そういう問題ではないだろうと、言い返そうとしたが、雅はふいと視線を逸らして立ち上がる。


そのまま和人の横を通って、ピアノの前に座っている琉生を見下ろす位置で立ち止まった。


雅に琉生の姿を遮られ、和人は口を引き結ぶ。


「ねえ、副会長ってプロ目指してんの?」


琉生が訝しげな表情で雅に視線を向けている。口を開きかける彼に被せるように、雅が矢継ぎ早に迫っていく。


「歌の伴奏とか興味ない?」


その言葉を聞いて、和人は目を()いた。


──ちょっと待て。雅は琉生を勧誘してるのか? それは、俺の役目だ。


和人は素早くイスから立ち上がり、雅の肩を掴む。


「それは駄目」

「なんで? カズには聞いてないし」


雅が和人の手を邪魔そうに振り払おうとしてくる。だが、こればかりは譲れなかった。


──そもそも、雅の仕事はモデルだろ。琉生を勧誘するのはなぜだ?


思考を巡らせ、ある答えに行き着く。


「もしかして、歌にも挑戦するつもりか?」

「……和人には関係ないから」


前髪を横に流した雅の姿。磨かれた美貌の顔に彩られた目は、ミステリアスな光を放って和人を捉えた。
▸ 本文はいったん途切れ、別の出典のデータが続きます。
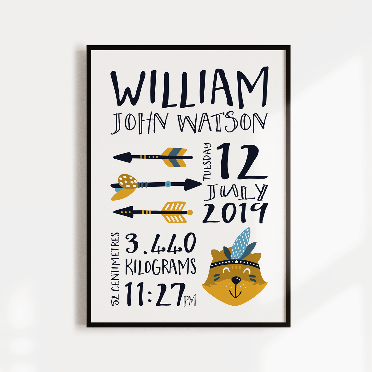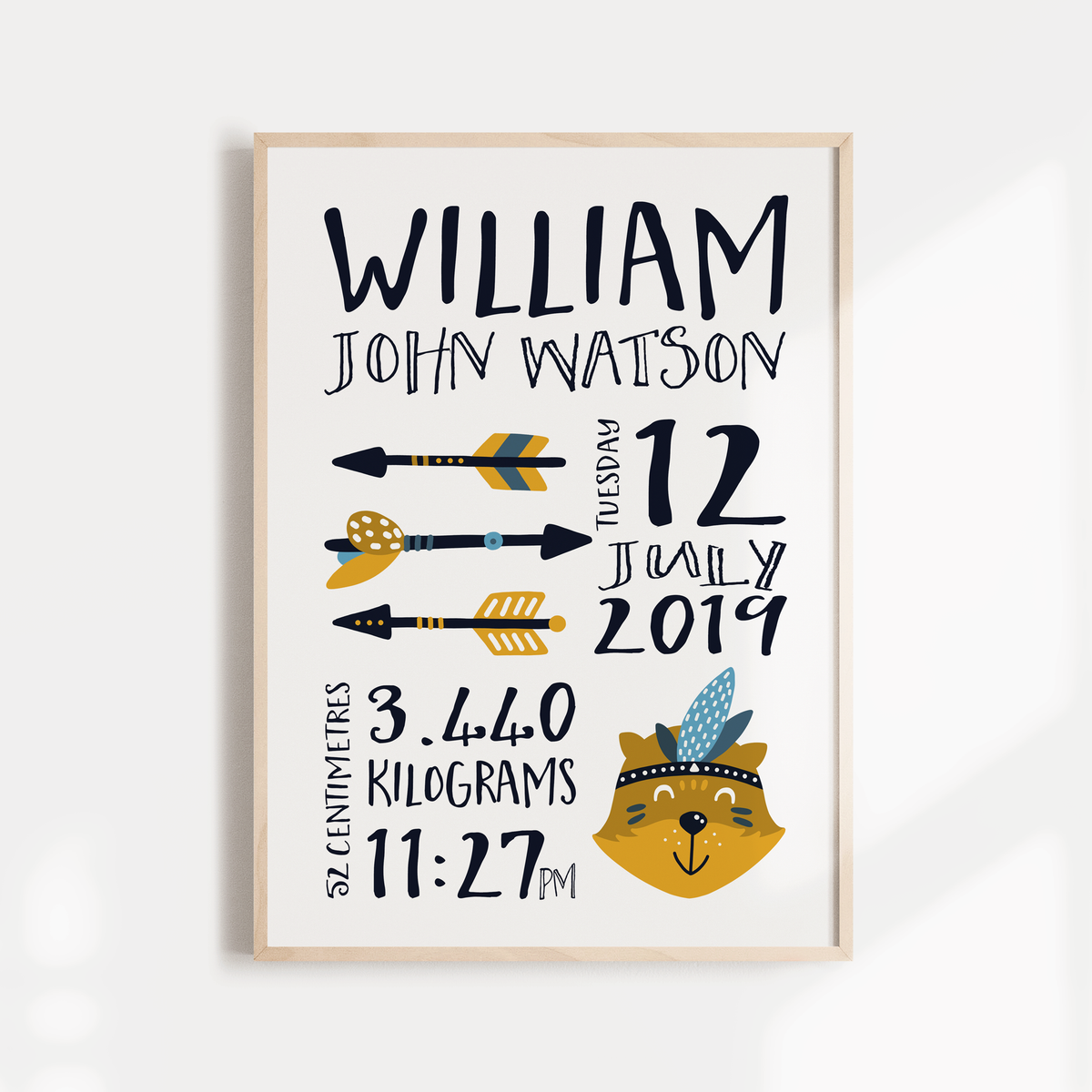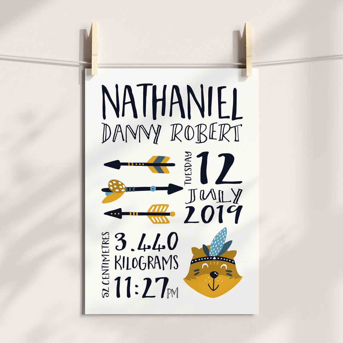 Unit price perA birth announcement nursery print, featuring a tribal bear and arrows, customised with your child's birth details.
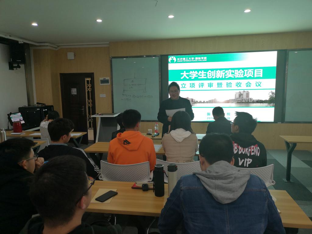 3月15日下午,国际学院大学生创新实验项目立项评审暨检查验收会在云塘校区新能源大楼1号楼404举行。项目评审与验收小组由来自交运、水利学院的何忠明、谌宏伟、向顺成等专家组成。6个大学生创新实验项目参加立项申报答辩,4个项目参加中期检查和结题验收,全院50多名中外合作办项目(土木工程专业)学生与会。会议由专家组组长何忠明教授主持。
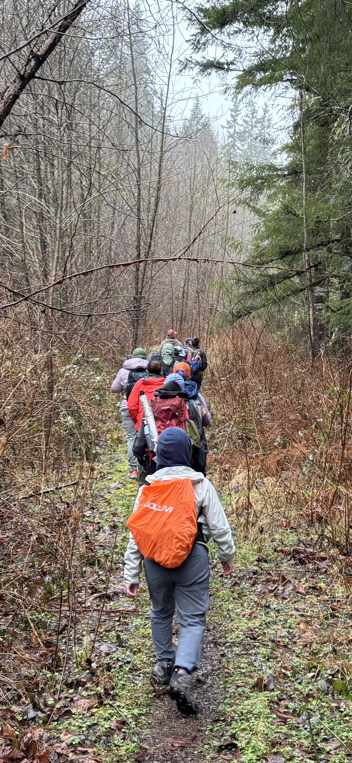 An enthusiastic group of adventurers headed into the wilds, accessible from Mackworth Forest, where Swan Mill Pond Loop, on Tulalip lands, offers a good look at local wetlands, mixed forest ages and stages, and some challenging water crossings that change with the rain forecast. The weather held for our hike, and just the right amount of misty forest magic fell, glistening in the branches and on the mossy rocks along the trail. Late winter seems like a sleeping world outside, and though many plants lay dormant, some Spring buds, flowers, and leafing edges were just starting to emerge. Someone asked about the mosses and what they can be used for. In emergencies, packing a wound, cooling a burn, or as a menstrual pad are some options. Another curious lady pointed out turkey tail mushrooms and we talked about fungal forms and certain family characteristics to look for when identifying. Though many types of fungus and plants we talked about can be used medicinally, it is best to connect with a certified herbalist and your doctor before taking wild medicine.
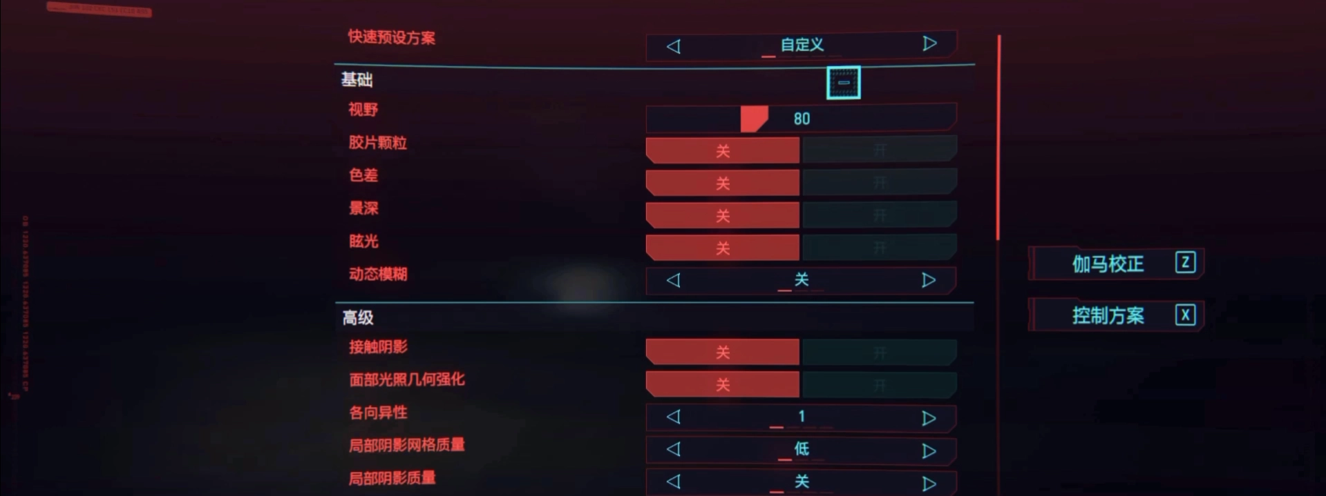 接下来回到游戏里进行相关设置。在基础设置这一栏,我们要把胶片颗粒、色差、景深、眩光和动态模糊这些效果全部关闭,特别是动态模糊,它很容易让画面变得模糊不清,进而影响游戏体验。另外,下方的接触阴影以及局部阴影质量也建议关闭,开启这些功能后通常会导致游戏掉帧严重。
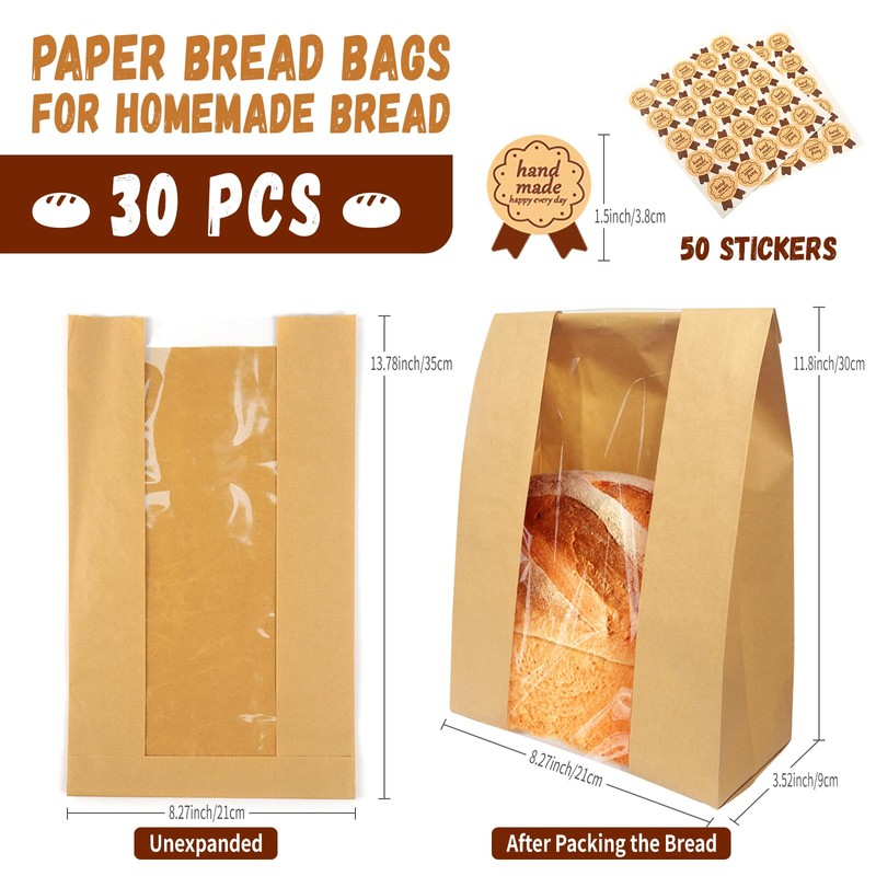 Specifications:Size: 13.78 x 8.27 x 3.52 inchesMaterial: High-quality, food-safe kraft paper with a clear plastic windowIncluded: 30 Pack Bread Bags & 50 Pcs Seal StickersFeatures:- Clear Viewing Window: Quickly identify what's inside without opening the bag, making organization and presentation a breeze.- Moisture and Grease-Resistant Interior: Keeps baked goods fresh by effectively preventing moisture loss and protecting against oil stains.- Self-Standing Design:The square bottom allows The bag to stand on its own,simplifying The packing process and improving product display.- Versatile Use: Ideal for a wide range of uses, from home baking to professional bakery settings, and perfect for food gifting at various events.- Decorative and Functional Stickers: Enhance your packaging with our beautifully designed seal label stickers that also ensure freshness.How to Use:1. Place your baked goods inside the bag.2. Use the seal label stickers to securely close the bag.3. If gifting, personalize the sticker or add a ribbon for a festive touch.4. To display, simply open the bag and let it stand on its square bottom.Warm Tips:- While the bags are moisture and grease-resistant, it's recommended to cool any hot baked goods before packaging to maintain optimal freshness.- The clear window is a great way to showcase your goods, but consider the placement of your items inside the bag for the best presentation.- Our bags are designed for single use, but by handling them with care, you can maximize their lifespan and presentation value.With these Paper Bread Loaf Bags, packaging, presenting, and gifting your baked creations have never been easier or more stylish.Elevate your baking and gifting game with bags that combine functionality with aesthetic appeal, making every loaf, pastry, or treat a delight to give and receive.
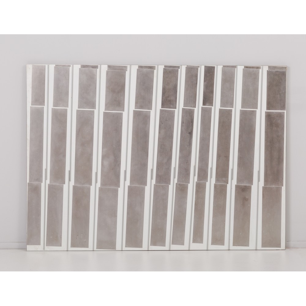 Grande installazione su pannello in legno rivestito in lamina metallica e tondini d'alluminio su sfondo bianco opera sulla rifrazione delle onde sonore. Firma ‘Salvatore’ sul retro. (Probabilmente esposta alla biennale di Venezia, anni '60).
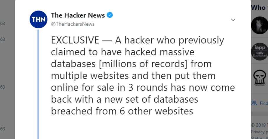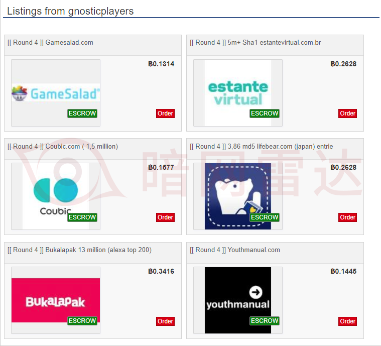 黑客在暗网上出售第四批数据 涉及 6 个网站 2600 万新账户 |
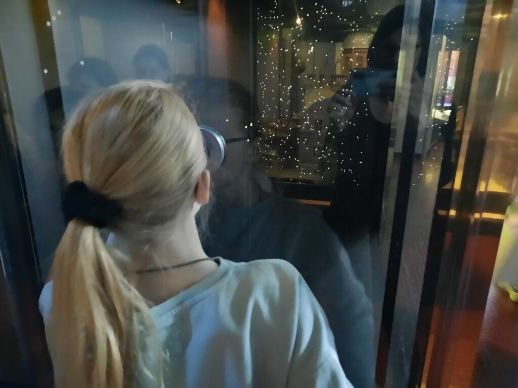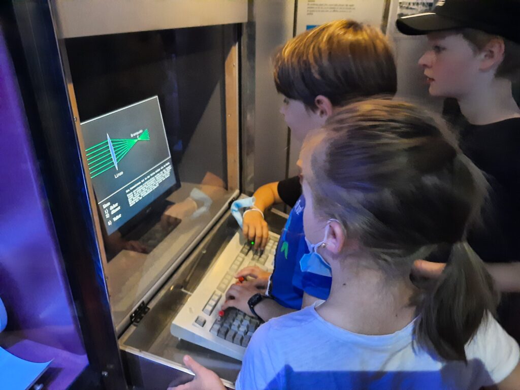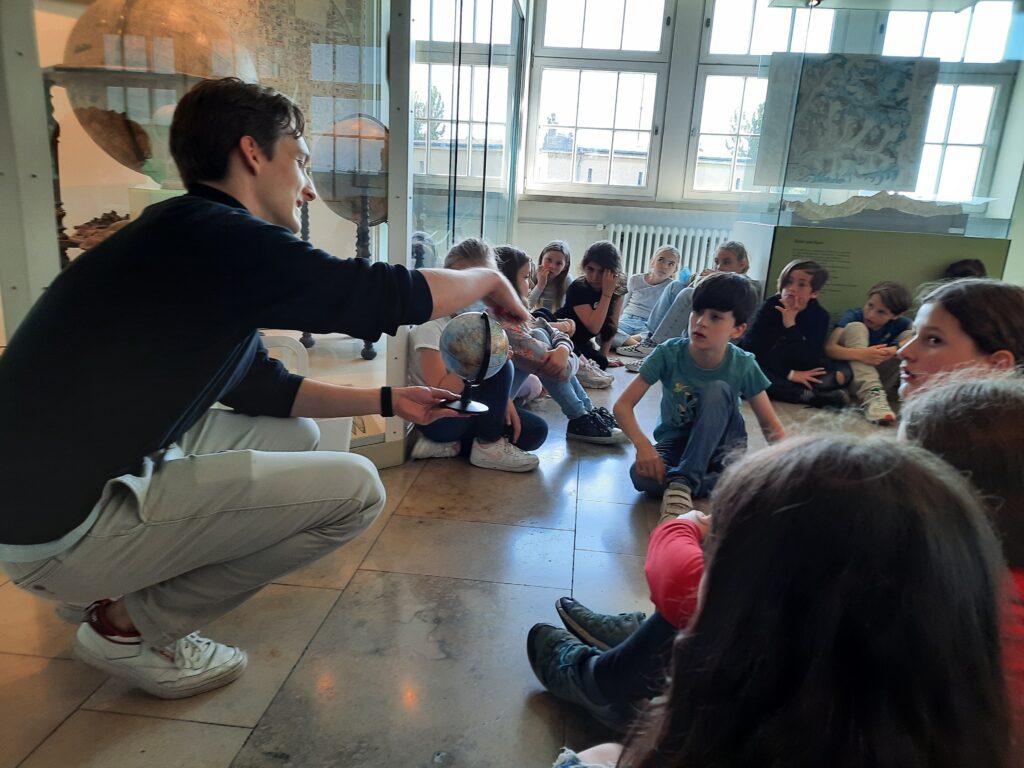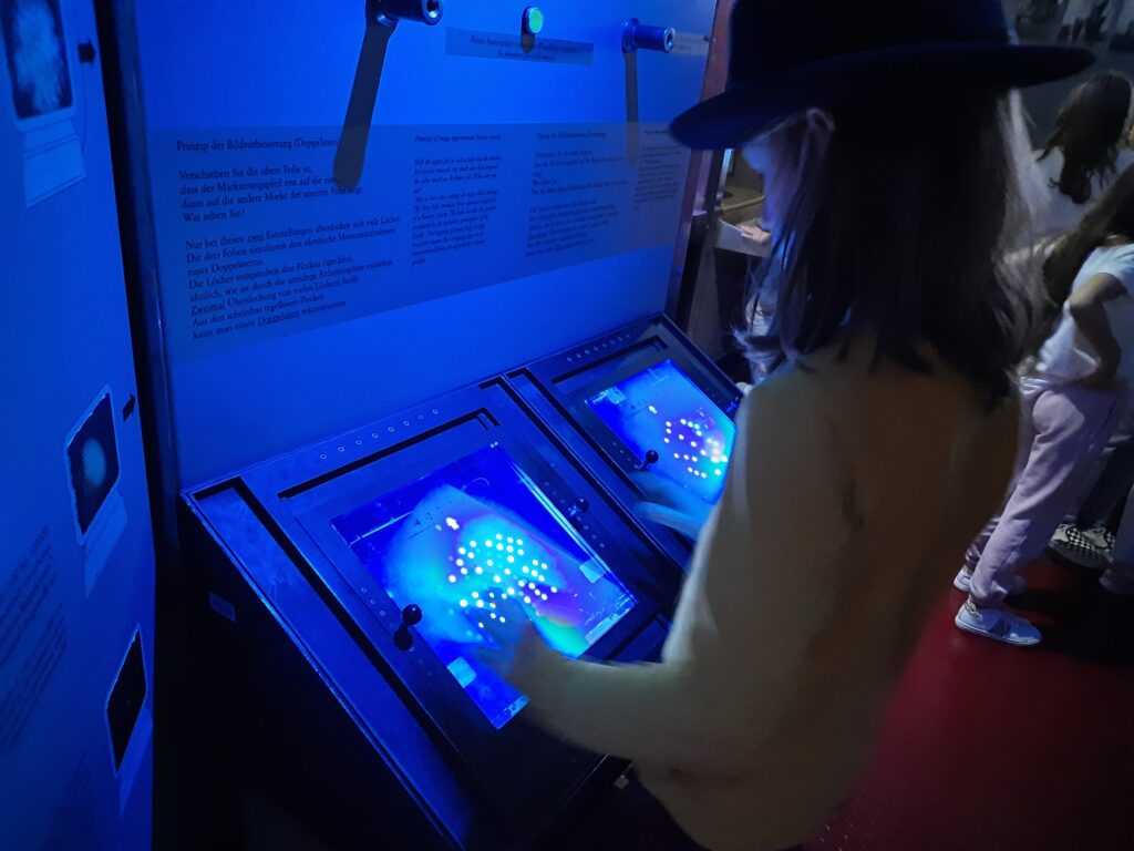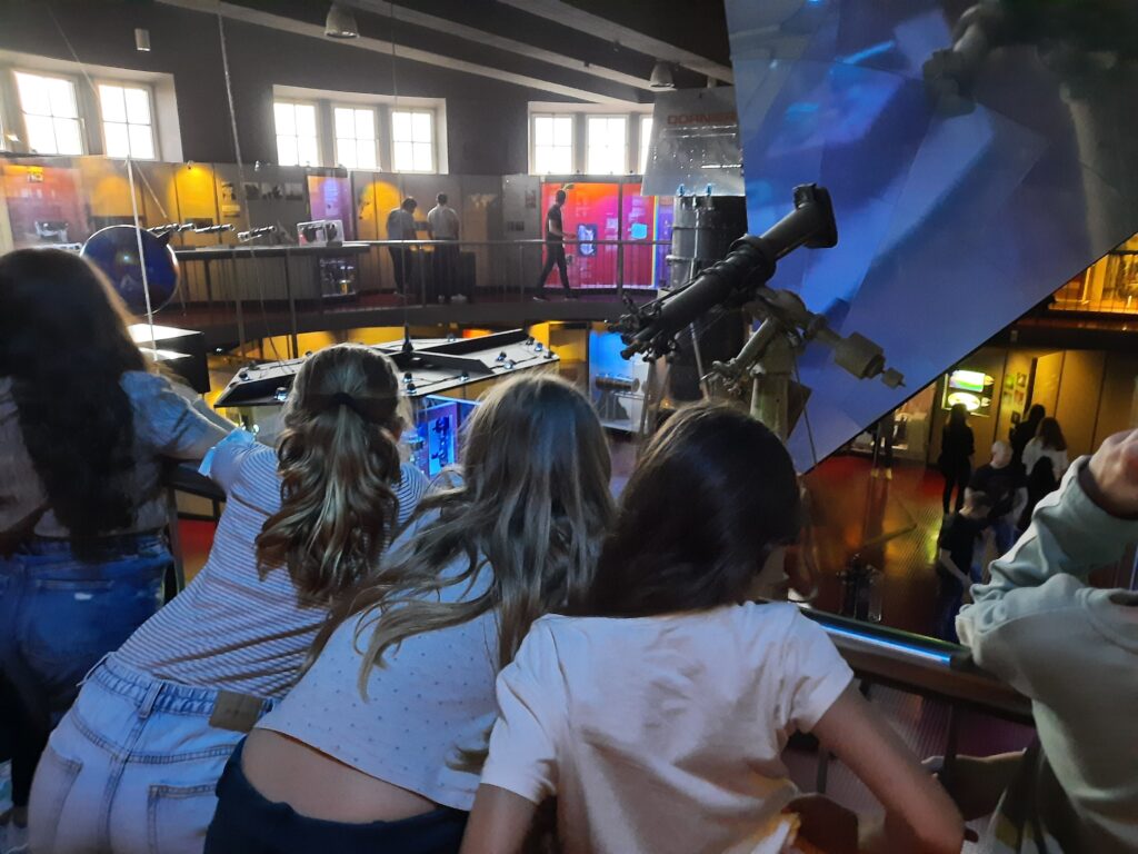 Die Führung des Museumspädagogischen Zentrums drehte sich rund um unser Sonnensystem. Nachdem Herr Matter den Kindern einige grundlegende Informationen zur Erddrehung, den Jahreszeiten und der Anziehungskraft vermittelt hatte, ging es weiter zu den Teleskopen. Dort konnten die Kinder künstliche Sternenhimmel anschauen, riesige Teleskope bewundern und kleine Modelle von Sternwarten entdecken.

雅と睨み合っていると、ピアノの蓋を閉める音が聞こえ、はっと琉生の方へ顔を向けて口を(つぐ)んだ。


琉生はピアノの蓋に両手を突いて、その両手を見るように下を向いていた。


「俺をダシにして和人の気を惹くの辞めて」


感情を抑えたような低い声。


──俺の気を惹く? 雅が琉生をダシにして? いや、これはどちらかというと、琉生への勧誘を阻止する戦いなんだが……。


「見て分かんないの? 俺は副会長……琉生のピアノを評価してるんだけど。で、興味あるの、ないの、どっち」

「雅ッ。駄目だって言ってるだろ! 琉生を世間に広めるのは俺の」


──役目だ。それに、琉生に提案している動画投稿は断られて。


雅が和人の手から抜け出そうとするのを引き寄せていると、ピアノの蓋を叩く音が響いてきて、言葉が途切れた。


やってしまったと恐る恐る琉生へと顔を向ける。


彼はいつも以上に怖いくらいの微笑を浮かべて、和人たちを見ていた。


「プロになるの、一ミリも興味ないから。和人も。その話、俺、断ってるよね。そんなにピアノが好きなら、ピアノに許可貰って」


琉生はそれだけ言った後、無言でカバンを手に音楽室を出て行ってしまった。